Hiring on Impulse: A Very Common Case for Hiring Managers and Business Owners
You need help at your workplace, and you need it now. But you don’t have the time to sort through an endless stack of resumes, so you base your hiring strictly on impulse. Not necessarily focusing on the candidates’ particular behavioral traits and past experiences, you concentrate more on the now.
Unfortunately, this simple mistake can — and will — drastically affect the future success of your business.
We’ve all experienced this type of predicament. Your business is successful and growing at a faster pace than expected. From a business perspective, this is not a bad thing!
However, when it comes to properly staffing and setting yourself up for success, throwing in extra random bodies for the sake of expanding your team is never the right answer, and always a bad business decision.
Too often we ignore our better instincts and the voice in our head that speaks logically. We instead go with our impulses and feelings to just get it over with and hire on a whim.
Let’s be honest. We don’t always have the extra time in our day to sort through piles of resumes and determine who meets the qualifications. If there’s an easy way out, we naturally feel drawn to follow it.
Not necessarily focusing on candidates’ particular behavioral traits and past experiences, you concentrate more on the now.
Are they available now? Do they seem intelligent? Do they look the part?
This crucial mistake is known as “shotgun hiring,” and in the business world, it happens far more than it should.
This behavior is a key ingredient for tarnishing your turnover and ruining retention. All too often, the candidate hired will not fit the job, leaving them to either quit or be fired.
But it doesn’t end there.
Your current customers that have suffered from poor service and bad experiences have now been personally affected. Your training dollars have been spent, turnover increased, and bottom line has been damaged. The list goes on and on…
And it can all be traced back to the fact that you simply hired the wrong person, at the wrong time.
Here are three useful tips to keep in your back pocket when faced with a hiring crisis:
1. Establish deal breakers
What are must-haves? If you find a person who is a good fit for a job, most skills can be learned. You won’t know if a person with ten years experience is any better than one with five until they start doing the job, so be careful to judge job candidates based on these criteria.
2. Use hiring tools
You don’t need a laundry list of past work experiences. You want to know what kind of behaviors, motivations, and core values they possess. Have them fill out an assessment to determine their work ethic and human interest. Also, have more than one employee at your company interview the candidates to provide their perspectives. That way you acquire other opinions/perspectives, as well as support within the organization if you do hire the person.

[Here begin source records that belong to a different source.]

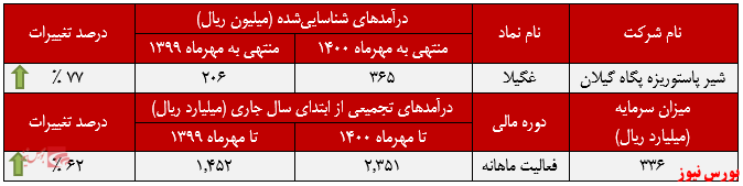 همچنین لازم به ذکر است که شرکت شیر پاستوریزه پگاه گیلان در مهرماه سال جاری درآمدهای شناساییشده خود را طی این دوره یکماهه از فروش محصولات در بازار داخلی به دست آورده است.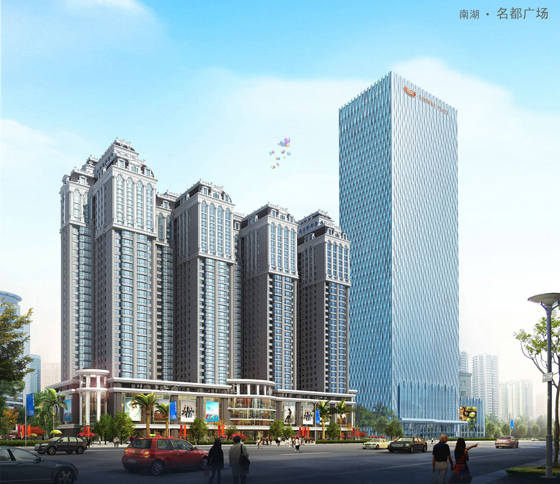 南湖名都广场是南宁港昌房地产有限公司投资兴建的高层建筑综合体,集住宅、商业、写字楼、酒店为一体,总建筑面积约为30.5万平方米。项目分为两个部分,其中A座为皇冠假日酒店和高档写字楼,其建筑外立面为水波幕墙设计,由数以千计的双层中空low-e幕墙纯手工拼接而成。水波幕墙具有减少光污染的作用,它利用光漫反射原理装成,在满足楼宇采光的同时,极大地降低了光污染,更加环保从而降低能耗。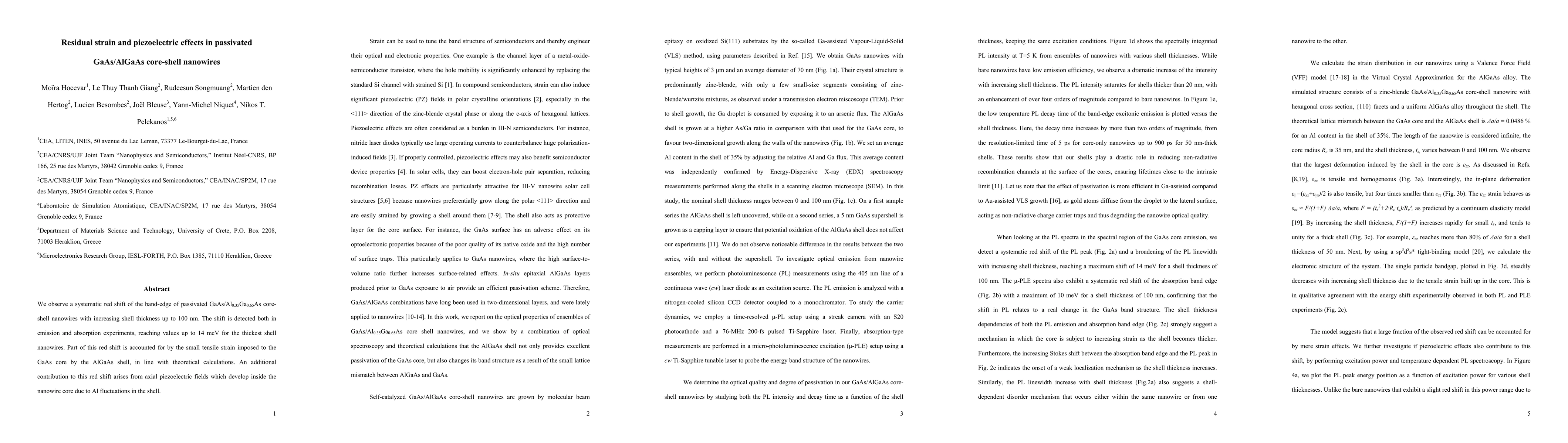 This paper investigates the band-edge red shift in passivated GaAs/AlGaAs core-shell nanowires, attributing part of the shift to tensile strain from the AlGaAs shell and another part to axial piezoelectric fields caused by Al fluctuations in the shell. The red shift reaches up to 14 meV with increasing shell thickness.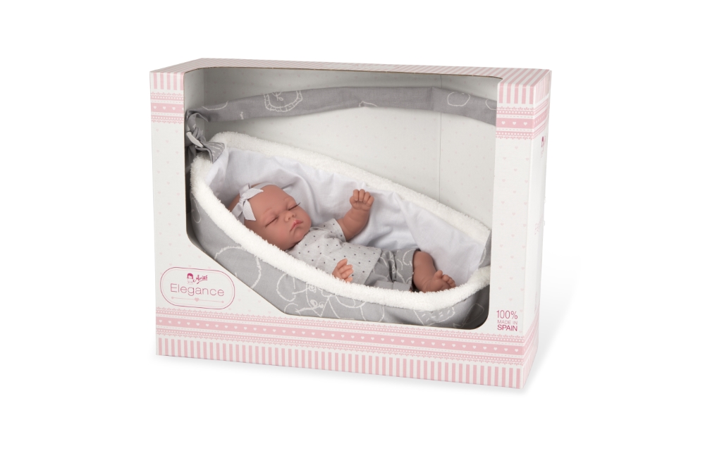 28 CM ELEGANCE nukk halli ja valge kandekorviga kokkusobivate riietega. Sisaldab lutti.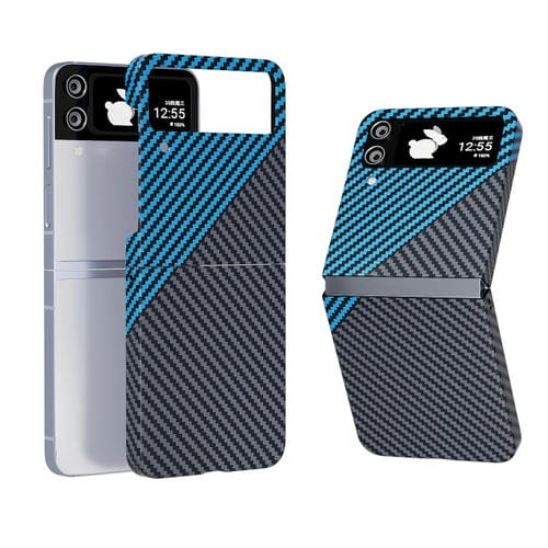 Funda Protectora Samsung Galaxy Z Flip4 Textura Fibra de Carbono con Calcomanía (Gris Azul)

3. Check references yourself
You’ll discover a lot doing reference checks. It’s important that you not only ask for references, but also, specify who you want to speak with — before they offer — or you’ll simply be provided with a list of their friends. Not knowing who you’re hiring onto a team can easily make or break the future of your business.
Remember, the time you take now to assess and filter through your candidates will be the time you save in the future when you’ve come full circle and find yourself back in the same spot, looking for new qualified employees.